What's New:

Membership Year 2019 (MY2019) is open and discounts are available for those who keep their membership current and join early in the year. Now through March 1, 2019, current MY2018 members who renew their LDC membership before March 1 will receive a 10% discount off the membership fee. New or returning organizations will receive a 5% discount through March 1. 

In addition to receiving new publications, current LDC members also enjoy the benefit of licensing older data at reduced costs from our Catalog of over 750 holdings. Current-year for-profit members may use most data for commercial applications. 

Plans for MY2019 publications are in progress.

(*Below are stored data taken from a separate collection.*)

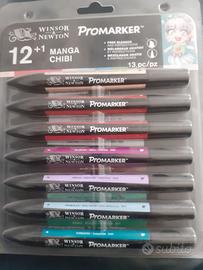 Pennarelli promarker winson & newton nella.loro confezione originale totale pennarelli 25,sei pennarelli mid toner,sei pennarelli rich tones,12+1 manga chibi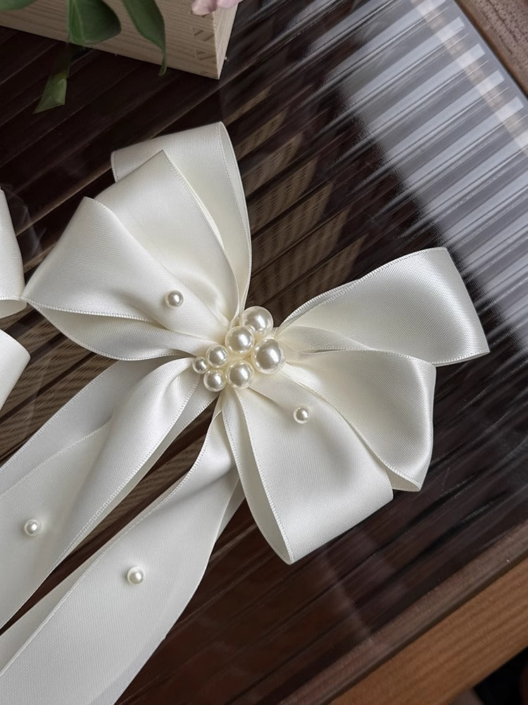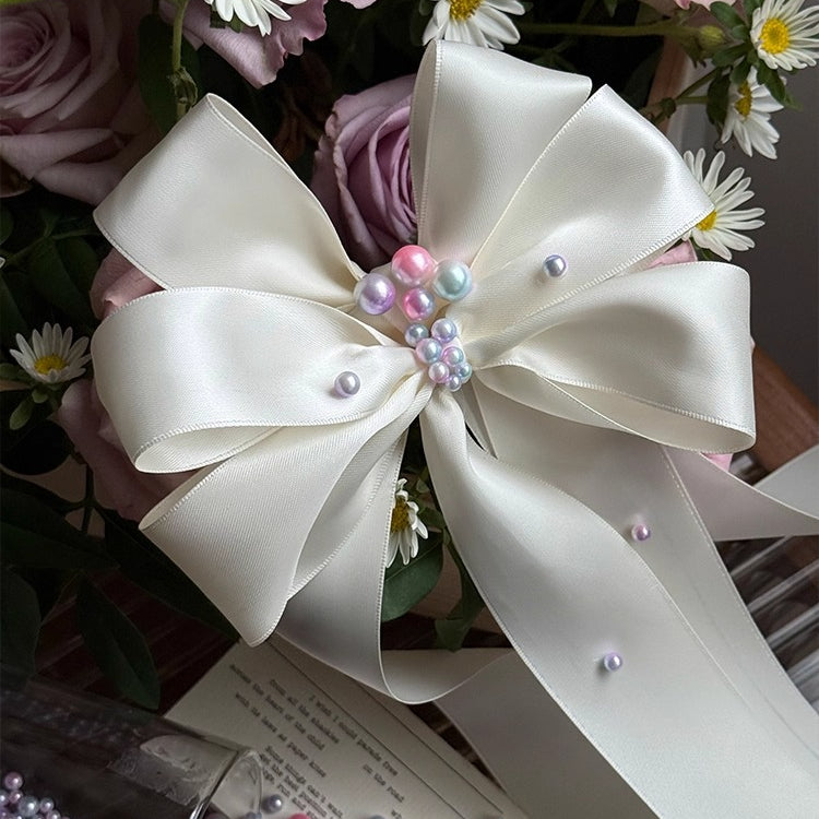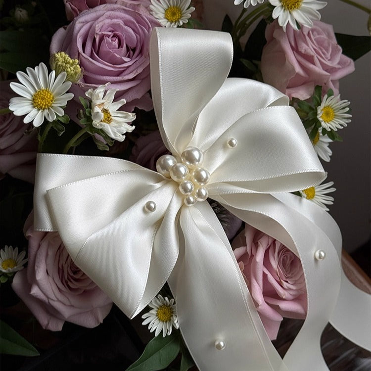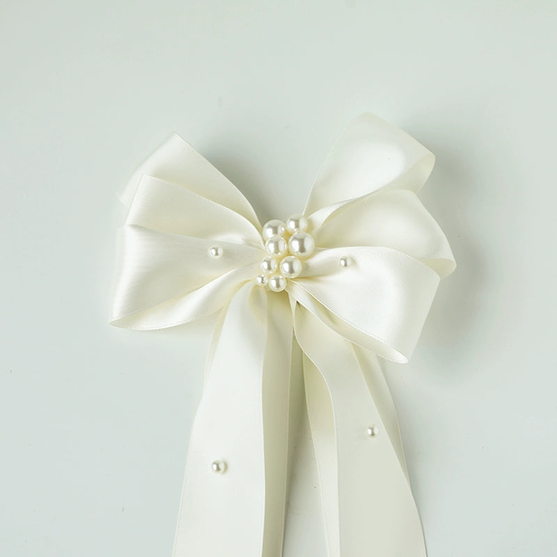 Ivory Satin Bow with Pearl Accents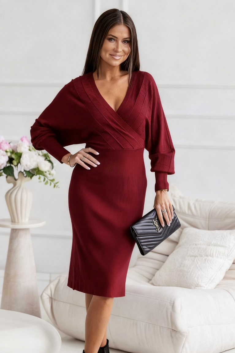 Αναδείξτε το στυλ σας με το midi πλεκτό κρουαζέ σε εντυπωσιακό μπορντό χρώμα.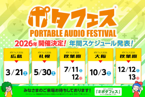 e☆イヤホンは、3月21日にイヤフォン・ヘッドフォンを中心とした“ポータブルオーディオ”の試聴&体験イベント「ポタフェス 2026 広島」を開催する。入場無料、事前登録なしのフリー入退場で、開催時間は11時~17時、最終入場は16時30分。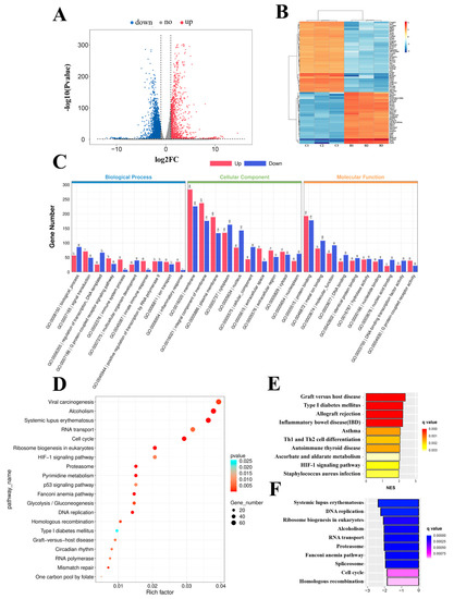 Whole-transcriptome sequencing assays were provided by Lianchuan Biotechnology (Hangzhou, China). Total RNA was isolated and purified using TRIzol reagent (Invitrogen, Carlsbad, CA, USA) following the manufacturer’s procedure. The RNA amount and purity of each sample were quantified using a NanoDrop ND-1000 (NanoDrop, Wilmington, DE, USA). Sequencing was performed on an Illumina HiSeq 4000 following the vendor’s recommended protocol. The following procedure for identification of DEGs was used: cutadapt was used to remove the reads that contained adaptor contamination, low-quality bases, and undetermined bases. The sequence quality was verified using FastQC (http://www.bioinformatics.babraham.ac.uk/projects/fastqc/), accessed on 1 May 2022. We used Bowtie2 and Hisat2 to map reads to the genome of species. The mapped reads of each sample were assembled using StringTie. Then, all transcriptomes from samples were merged to reconstruct a comprehensive transcriptome using perl scripts. After the final transcriptome was generated, StringTie and edgeR were used to estimate the expression levels of all transcripts. StringTie was used to perform expression level for mRNAs by calculating FPKM. The differentially expressed mRNAs were selected with log2 (fold change) >1 or log2 (fold change) < −1 and with statistical significance (p-value < 0.05) by R package–edgeR. The following procedure for identification of differentially expressed miRNAs was used: Raw reads were subjected to ACGT101-miR (v4.2, LC Sciences, Houston, TX, USA) removed adapter dimers, junk, low complexity, common RNA families, and repeats. Subsequently, unique sequences with length in 18~26 nucleotides were mapped to specific species precursors in miRBase 22.0 by BLAST search to identify known miRNAs and novel 3p- and 5p-derived miRNAs. Differential expression of miRNAs based on normalized deep-sequencing counts was analyzed by selectively using Student’s t-test. The significance threshold was set to be 0.01 and 0.05 in each test. To predict the genes targeted by most abundant miRNAs, two computational target prediction algorithms: TargetScan 5.0 (Whitehead Institute for Biomedical Research, Cambridge, MA, USA and Miranda 3.3a (Memorial Sloan-Kettering Cancer Center, New York, NY, USA) were used to identify miRNA binding sites. Finally, the data predicted by both algorithms were combined, and the overlaps were calculated. GO analysis was used for gene function annotation. KEGG analysis was used to determine the biological pathway.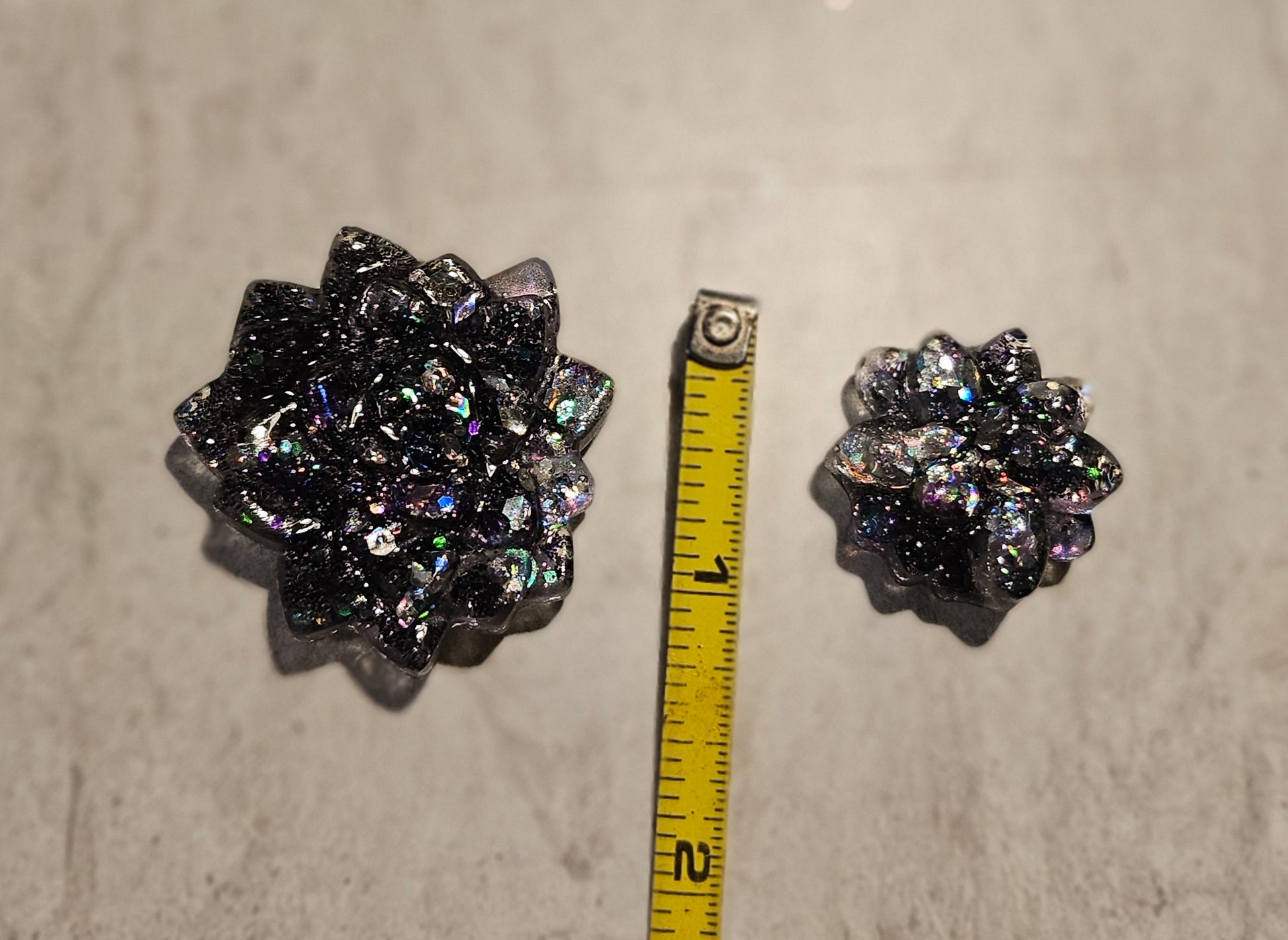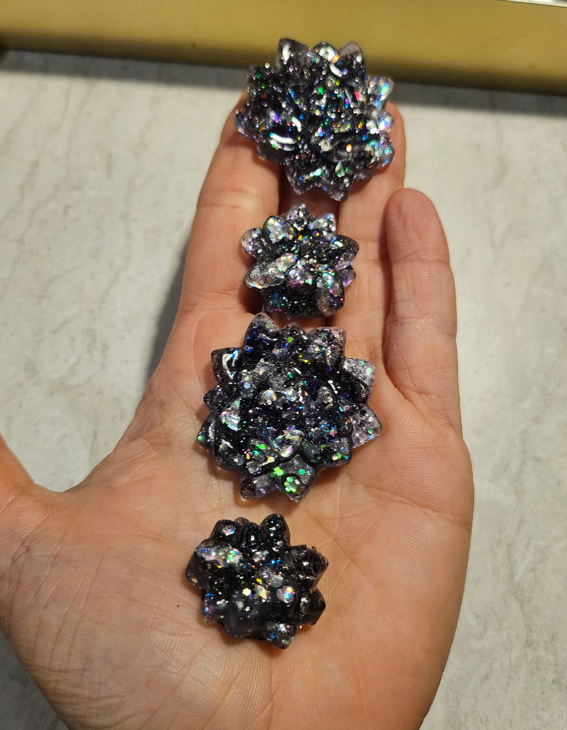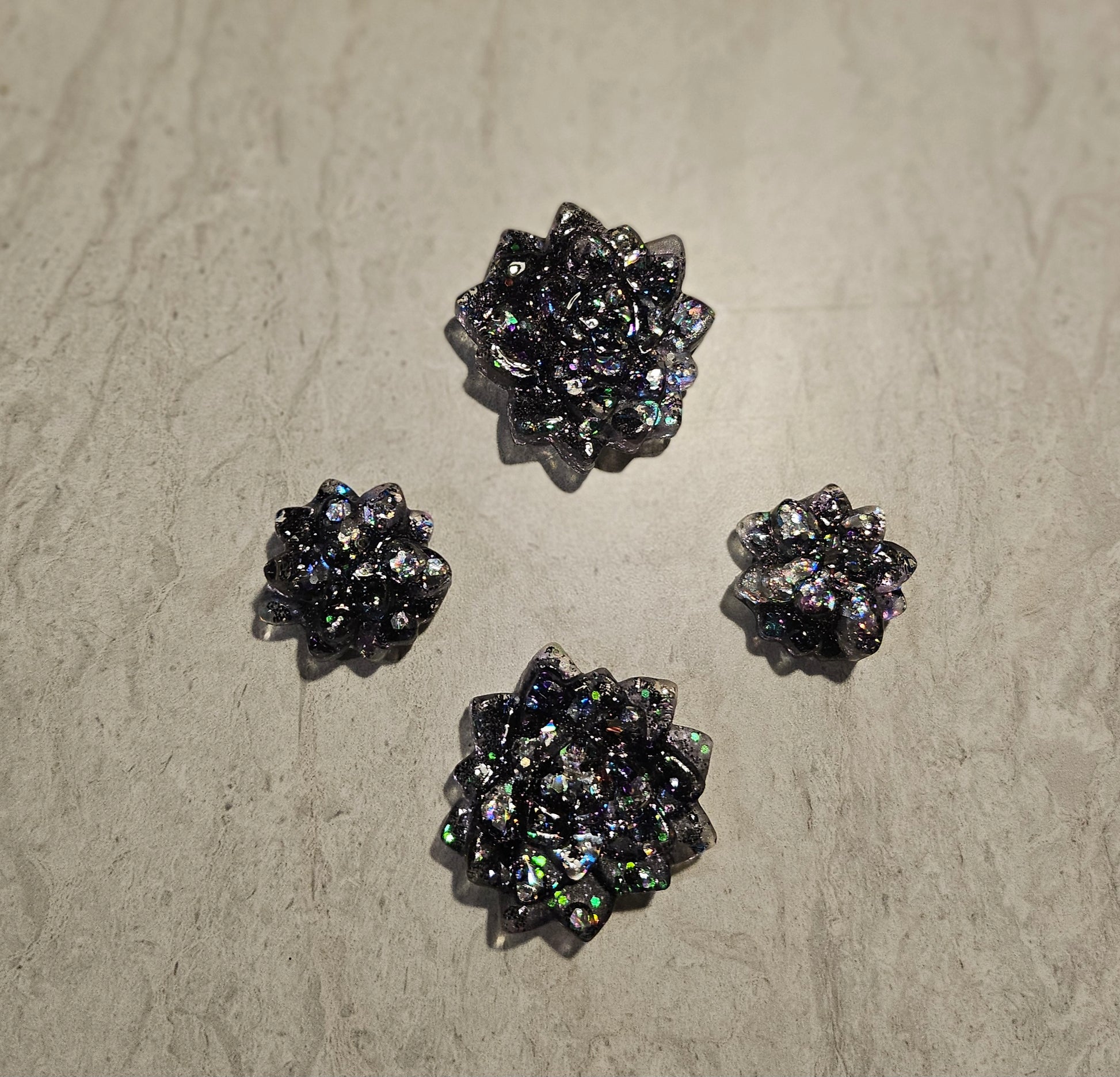 A 4 piece magnet set made from epoxy resin with a succulent mold. Fine black glitter is layered with holographic glitter. 4 magnets total, measuring 2" and 1.5".

Among the expected releases are:

  • SRI Speech-Based Collaborative Learning Corpus: speech from over 100 US middle school students performing collaborative learning tasks, includes audio recordings, orthographic transcriptions, manual annotation of collaboration, and related documentation
  • Chinese Abstract Meaning Representation (AMR): developed by Nanjing Normal University and Brandeis University, semantic representation of approximately 10,000 Chinese sentences following the basic principles of AMR using web source data from Chinese Treebank 8.0 (LDC2013T21)
  • Multilanguage conversational telephone speech: developed to support language identification research in related languages (Arabic, East Asian, English, Mandarin)
  • TAC KBP: English entity discovery and linking, nugget detection and event argument data, Chinese slot-filling data
  • CALLFRIEND Second Edition: updated releases with .wav format audio, simplified directory structure and enhanced documentation and metadata (English, Egyptian Arabic, Mandarin Chinese-Taiwan)
  • HAVIC Med Progress Test data: English web video, metadata, and annotations for developing multimedia systems
  • IARPA Babel Language Packs (telephone speech and transcripts): languages include Amharic, Guarani, Igbo, and Lithuanian
  • BOLT: discussion forums, SMS, word-aligned and tagged data in all languages (Chinese, Egyptian Arabic, English)

And, it’s not too late to join for MY2017 (through December 31, 2018) and MY2018 (through December 31, 2019). Data sets from those years include 2010 NIST Speaker Recognition Evaluation Test Set, RATS Keyword Spotting and Language Identification releases, CHiME, Noisy TIMIT Speech, Concretely Annotated New York Times and English Gigaword, DIRHA English WSJ Audio, LORELEI Amharic and Somali Language Packs and DEFT Spanish Treebank. For full descriptions of all LDC data sets, browse our Catalog.  

Visit Join LDC for details on membership, user accounts and payment.

Applications are now being accepted through January 15, 2019 for the Spring 2019 LDC Data Scholarship program which provides university students with no-cost access to LDC data. Consult the LDC Data Scholarship page for more information about program rules and submission requirements.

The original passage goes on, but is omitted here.